The Piping of Patsy Touhey
Born near Loughrea, County Galway in 1865, Patsy Touhey emigrated to the USA with his parents some ten years later. Patsy followed in his father’s footsteps by becoming a professional uilleann piper, touring music halls with his wife Mary, a dancer, appearing in comic sketches and, most notably, playing at the Chicago World’s Fair in 1893. He began his recording career as a private venture in 1901, using the then groundbreaking phonograph cylinder technology and hawking his products, tunes often accompanied by his own spoken introductions, at his appearances. He did make a few 78 rpm disc recordings later in his career (Touhey died in 1923) and these, alongside a selection of the cylinders were remastered and originally issued in cassette format by the Irish piping organisation, Na Píobairí Uilleann in the early 1990s.

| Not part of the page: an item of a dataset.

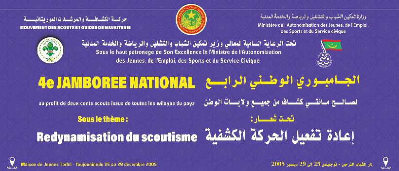أعلنت وزارة تمكين الشباب والتشغيل والرياضة والخدمة المدنية انطلاق المخيم (الجامبوري) الوطني الرابع المنظم غدا بدار الشباب الترحيل بتوجنين من طرف القطاع بالشراكة مع حركة الكشافة والمرشدات الموريتانية تحت شعار: إعادة تفعيل الحركة الكشفية.

This new digitally remastered release adds fourteen tracks to the cassette’s previous twenty-two and, although the resulting quality can never be compared to the products of modern studios – after all we’re talking about material more than a century old – they still provide a cornucopia of delights for lovers of piping. Fully supporting the collector Francis O’Neill’s belief that Touhey was the leading Irish musician of his time, the recordings demonstrate an adroit craftsman at work, sparsely using the drones and employing the pipes’ regulators skilfully and appositely to punctuate and emphasize key moments in a tune.
Many of the tracks here consist simply of a single tune and some are no more than snapshots of the musician, but their entirety fully reinforces his status and reputation.